"The Amazing Spider-Man" Review

Title: The Amazing Spider-Man
Director: Marc Webb
Studio: Sony Pictures
Genre(s): Action
Rated: PG-13 (For sequences of action and violence)

In 2002 “Spider-Man” burst onto the movie screen and brought superhero movies to mainstream audiences in a way that had never been done before. With huge box office results and critical acclaim, for the first time since Tim Burton directed “Batman” had a comic book movie been so successful. That was ten years ago. Since then we've gotten so many superhero movies that some people have called them modern day Greek mythology stories. Now that we've gotten a re-telling of Spider-Man's origin story in “The Amazing Spider-Man” I have to wonder if that now makes superheroes like classic literature.
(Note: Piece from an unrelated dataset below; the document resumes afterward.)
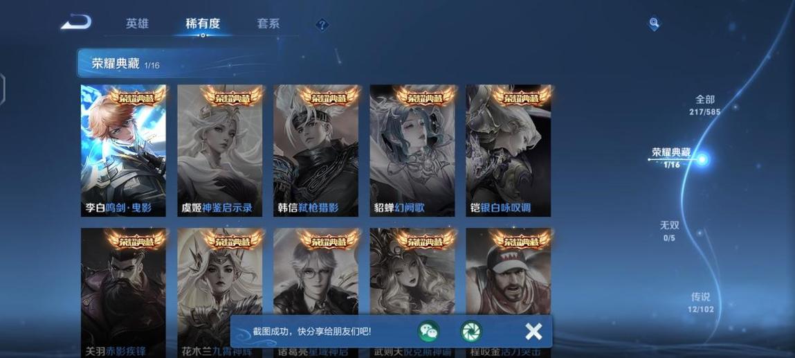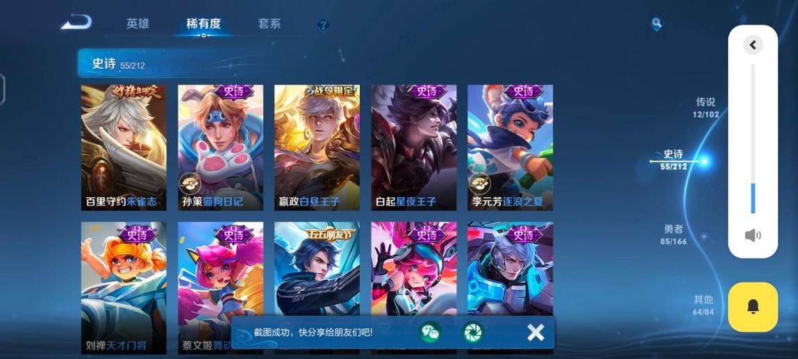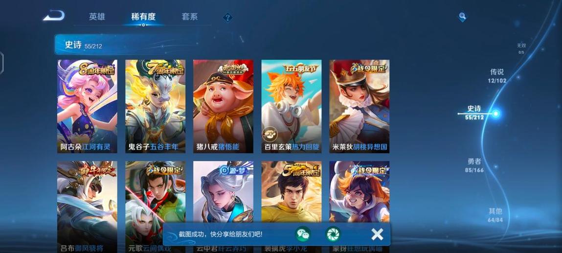 魯班七號,阿軻,盤古,米萊狄,大喬,東皇太一,韓信,豬八戒,亞瑟,西施,李元芳,女媧,孫策,貂蟬,弈星,夏侯惇,程咬金,扁鵲,蔡文姬,狄仁傑,小喬,狂鐵,露娜,楊玉環,盾山,明世隱,張良,司馬懿,成吉思汗,鍾無豔,趙懷真,花木蘭,安琪拉,孫臏,蒙犽,夏洛特,牛魔,鏡,虞姬,李信,蘭陵王,哪吒,元歌,典韋,艾琳,甄姬,劉禪,雅典娜,干將莫邪,夢奇,鬼谷子,阿古朵,海諾,莊周,妲己,瑤,項羽,達摩,后羿,海月,嬴政,馬可波羅,暃,呂布,劉邦,馬超,金蟬,亞連,黃忠,司空震,羋月,白起,太乙真人,娜可露露,瀾,關羽,墨子,百里守約,趙雲,老夫子,魯班大師,伽羅,張飛,朵莉亞,諸葛亮,孫悟空,上官婉兒,姜子牙,孫尚香,雲纓,裴擒虎,不知火舞,姬小滿,楊戩,萊西奧,蘇烈,鍾馗,高漸離,廉頗,公孫離,曜,鎧,李白,蒙恬,劉備,王昭君,橘右京,沈夢溪,百里玄策,雲中君,戈婭,桑啟,嫦娥,宮本武藏,曹操,周瑜

I mean, think about it: how many versions of “Hamlet” have you seen? Never mind.


Most of you likely won't be pondering this as you sit down in a dark movie theater to watch “The Amazing Spider-Man.” For many of you it will simply be a new superhero movie (and the first in 3D for this franchise) to go see. I admit, as much as I loved “The Avengers” for its goofy action sequences and non-stop fun, it's nice to see a superhero movie that can be taken seriously on a truly thoughtful level again. For those who saw Sam Raimi's take on the character in 2002 you won't be too surprised at the storyline, which largely recounts Peter Parker's (Andrew Garfield) coming to grips with his super powers and dealing with the death of his Uncle Ben (Martin Sheen), what he could have prevented if he wanted to.
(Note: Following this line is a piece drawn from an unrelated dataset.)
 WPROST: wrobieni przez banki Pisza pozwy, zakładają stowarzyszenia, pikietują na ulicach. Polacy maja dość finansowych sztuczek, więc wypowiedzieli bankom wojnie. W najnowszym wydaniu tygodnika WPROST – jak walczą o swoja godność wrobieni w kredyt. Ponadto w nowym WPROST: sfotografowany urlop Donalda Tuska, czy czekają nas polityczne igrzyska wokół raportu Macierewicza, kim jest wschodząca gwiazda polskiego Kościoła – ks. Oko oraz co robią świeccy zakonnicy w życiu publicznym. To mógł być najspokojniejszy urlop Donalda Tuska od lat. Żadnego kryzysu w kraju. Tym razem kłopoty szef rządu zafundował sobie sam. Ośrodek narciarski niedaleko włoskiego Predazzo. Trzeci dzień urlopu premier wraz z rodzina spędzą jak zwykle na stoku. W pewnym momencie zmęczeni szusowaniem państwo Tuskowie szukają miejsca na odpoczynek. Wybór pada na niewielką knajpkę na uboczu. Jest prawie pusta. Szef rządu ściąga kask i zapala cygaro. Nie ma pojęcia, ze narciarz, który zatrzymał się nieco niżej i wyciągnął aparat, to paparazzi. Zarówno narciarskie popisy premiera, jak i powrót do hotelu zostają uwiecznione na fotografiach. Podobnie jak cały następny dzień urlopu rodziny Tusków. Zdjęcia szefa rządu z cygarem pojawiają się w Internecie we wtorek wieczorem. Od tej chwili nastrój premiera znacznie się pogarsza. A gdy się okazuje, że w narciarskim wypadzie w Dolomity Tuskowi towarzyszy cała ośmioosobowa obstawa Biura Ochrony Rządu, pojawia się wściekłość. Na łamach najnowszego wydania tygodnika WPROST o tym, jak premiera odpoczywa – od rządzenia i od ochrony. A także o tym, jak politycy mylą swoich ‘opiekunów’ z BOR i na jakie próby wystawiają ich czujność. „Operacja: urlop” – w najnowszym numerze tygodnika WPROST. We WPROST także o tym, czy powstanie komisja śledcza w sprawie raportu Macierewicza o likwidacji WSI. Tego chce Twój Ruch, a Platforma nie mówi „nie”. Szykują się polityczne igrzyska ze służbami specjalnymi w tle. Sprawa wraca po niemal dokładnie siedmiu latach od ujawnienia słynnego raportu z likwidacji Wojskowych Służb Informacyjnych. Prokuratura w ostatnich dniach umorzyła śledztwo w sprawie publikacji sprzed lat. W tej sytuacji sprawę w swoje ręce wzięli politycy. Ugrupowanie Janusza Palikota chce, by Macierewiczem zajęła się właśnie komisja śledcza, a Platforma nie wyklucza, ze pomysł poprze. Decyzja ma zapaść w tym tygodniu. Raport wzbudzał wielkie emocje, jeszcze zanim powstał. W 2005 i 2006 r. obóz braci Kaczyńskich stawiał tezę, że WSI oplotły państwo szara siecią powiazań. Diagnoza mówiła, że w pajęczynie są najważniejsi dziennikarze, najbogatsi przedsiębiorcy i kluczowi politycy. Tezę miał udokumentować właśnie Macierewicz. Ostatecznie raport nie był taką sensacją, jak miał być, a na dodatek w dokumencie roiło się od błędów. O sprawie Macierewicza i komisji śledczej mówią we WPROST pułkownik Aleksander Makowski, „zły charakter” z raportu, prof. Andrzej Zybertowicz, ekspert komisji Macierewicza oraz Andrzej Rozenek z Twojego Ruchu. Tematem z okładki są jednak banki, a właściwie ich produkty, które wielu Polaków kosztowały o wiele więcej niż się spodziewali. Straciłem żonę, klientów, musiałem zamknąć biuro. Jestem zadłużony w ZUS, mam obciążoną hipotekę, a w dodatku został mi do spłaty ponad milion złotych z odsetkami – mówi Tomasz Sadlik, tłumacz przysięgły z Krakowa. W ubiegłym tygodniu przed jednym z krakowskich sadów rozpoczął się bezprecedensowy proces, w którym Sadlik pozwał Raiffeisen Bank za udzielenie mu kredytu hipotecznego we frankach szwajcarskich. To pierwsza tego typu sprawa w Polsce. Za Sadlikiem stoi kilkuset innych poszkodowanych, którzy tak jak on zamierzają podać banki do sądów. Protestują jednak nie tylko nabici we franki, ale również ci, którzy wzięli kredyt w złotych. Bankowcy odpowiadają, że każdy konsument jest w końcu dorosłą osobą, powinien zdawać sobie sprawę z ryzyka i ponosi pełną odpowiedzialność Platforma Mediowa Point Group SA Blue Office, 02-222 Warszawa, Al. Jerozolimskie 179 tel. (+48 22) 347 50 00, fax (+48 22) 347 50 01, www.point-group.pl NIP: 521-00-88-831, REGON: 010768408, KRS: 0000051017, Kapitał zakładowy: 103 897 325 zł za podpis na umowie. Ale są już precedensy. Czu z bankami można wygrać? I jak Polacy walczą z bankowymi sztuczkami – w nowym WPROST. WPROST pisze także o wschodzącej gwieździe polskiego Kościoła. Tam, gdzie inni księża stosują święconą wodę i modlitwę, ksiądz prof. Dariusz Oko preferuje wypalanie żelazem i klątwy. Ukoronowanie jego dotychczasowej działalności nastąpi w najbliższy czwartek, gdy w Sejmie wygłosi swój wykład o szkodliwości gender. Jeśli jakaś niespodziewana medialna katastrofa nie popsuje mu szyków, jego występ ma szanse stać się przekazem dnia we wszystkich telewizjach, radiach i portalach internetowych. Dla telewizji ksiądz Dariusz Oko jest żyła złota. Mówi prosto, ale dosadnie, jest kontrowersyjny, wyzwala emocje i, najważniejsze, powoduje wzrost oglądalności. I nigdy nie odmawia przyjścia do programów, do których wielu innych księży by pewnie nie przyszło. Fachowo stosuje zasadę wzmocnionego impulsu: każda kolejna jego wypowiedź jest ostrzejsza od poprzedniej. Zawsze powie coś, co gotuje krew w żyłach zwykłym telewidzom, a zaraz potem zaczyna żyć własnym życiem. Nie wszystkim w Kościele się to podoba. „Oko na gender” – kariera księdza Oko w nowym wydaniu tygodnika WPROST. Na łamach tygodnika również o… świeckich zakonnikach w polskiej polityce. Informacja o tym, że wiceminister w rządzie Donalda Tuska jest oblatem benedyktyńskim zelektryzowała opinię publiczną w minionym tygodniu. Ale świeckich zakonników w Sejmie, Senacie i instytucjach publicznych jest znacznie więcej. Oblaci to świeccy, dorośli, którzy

That we're going through this again is frustrating, but understanding since the studio wants to create a new series of Spider-Man movies. What is new here is a new love interest named Gwen Stacy (Emma Thompson), who is a long way from the red haired Mary Jane. Gwen is a smart scientist who has an eye for smart boys with a heart of gold. If you've had complaints that most of the love interests in these types of movies have little reason to exist outside of being saved, then you're going to love Gwen Stacy's resources that aid Spider-Man in some of the very intense battles in this film. And who is Spider-Man facing in this film?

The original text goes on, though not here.